Commercial trucks entering the United States at Nogales, Douglas and San Luis are vital to Arizona’s economy. In 2015, about $30 billion in combined imports and exports crossed the international border at those three spots.

Yet Arizona officials were seeing a troubling trend: Some commercial trucking companies were using ports at Calexico, California, and Laredo, Texas, rather than coming through Arizona, even if Arizona was a more direct option. Companies said that higher costs associated with crossing the border in Arizona – including time lost during inspections, fines for violations and higher insurance rates – helped steer them elsewhere.

Working with the Arizona Department of Public Safety, inspectors from the Federal Motor Carrier Safety Administration and a consulting group that helps organizations operate more efficiently, ADOT inspectors have identified several critical changes that improve operations at Arizona’s ports, beginning with the port of entry at San Luis. The improved processes are now being rolled out at ports in Nogales and Douglas.

“Our review helped us identify things we could do better, such as making our inspection decisions consistent at every location,” said Tim Lane, director of ADOT’s Enforcement and Compliance Division, which provides safety inspections. “We’ve already brought 51 inspectors through new training to make that happen.”

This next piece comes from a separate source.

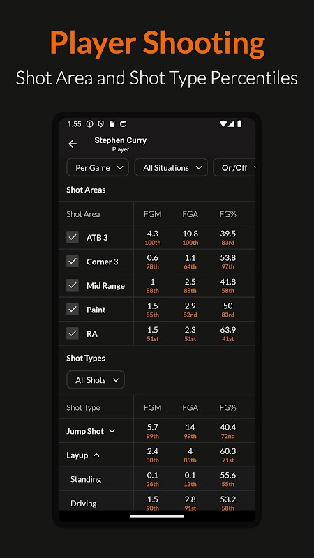 Centiles de tir : explorez davantage vos joueurs préférés en comparant la façon dont ils tirent depuis le terrain ! Les percentiles pour chaque joueur de la ligue sont disponibles pour chaque tir sur le terrain, y compris : les tirs à trois points au-dessus de la pause, les tirs à trois points en coin, à mi-distance, la peinture et la zone restreinte. Et allez encore plus loin en regardant le profil de quelqu'un comme : step-backs, floaters, cut layups, alley-oop dunks, et bien d'autres encore !

Keys to success include education, cross-border partnerships and using advanced technologies, Lane said.

“We also have begun doing a better job of educating Mexican trucking companies and drivers about what we expect during our safety inspections,” he added. “Our Border Liaison Unit already has held seven meetings – including one in Mexico, with two more planned – that explained our process to 158 people involved in international trucking.

The next step is a training process for drivers called International Border Inspection Qualification. In classes set to begin this month San Luis Río Colorado and later in Hermosillo, capital city of Sonora, drivers can earn a certificate that will demonstrate their understanding of the inspection process. Those drivers may face shorter inspections before getting back on the road.

Another key step: Coordinating inspections with other agencies. U.S. Customs and Border Protection inspects the cargo in commercial vehicles entering the country, while the Federal Motor Carrier Safety Administration and ADOT check trucks for safety issues. By coordinating their inspections, federal and state officials are reducing inspection times and company costs while encouraging more trucking companies to cross the border in Arizona.

Other improvements include having inspectors record their work on tablets during inspections rather than entering the results afterward in a separate building, and focusing on trucks deemed to have a higher risk of violations, including those without decals from previous inspections and those from companies with histories of safety violations.

In the first few months, inspections at San Luis are down by more than 10 percent, inspection times are down 23 percent and 80 percent of commercial trucking companies rated the new process as excellent or very good. By focusing on higher-risk trucks, inspectors found 33 percent more safety violations, even as the number and length of inspections went down.

As a result, business is returning to Arizona. Commercial traffic at the San Luis port is up 7 percent in just two months. Seven companies that left Arizona for Calexico have returned, and 15 new companies are coming through Arizona, representing an increase of 102 trucks in all.

“We will continue looking at ways to improve the inspection process at all three ports,” Lane said. “But we’re starting to see real change.”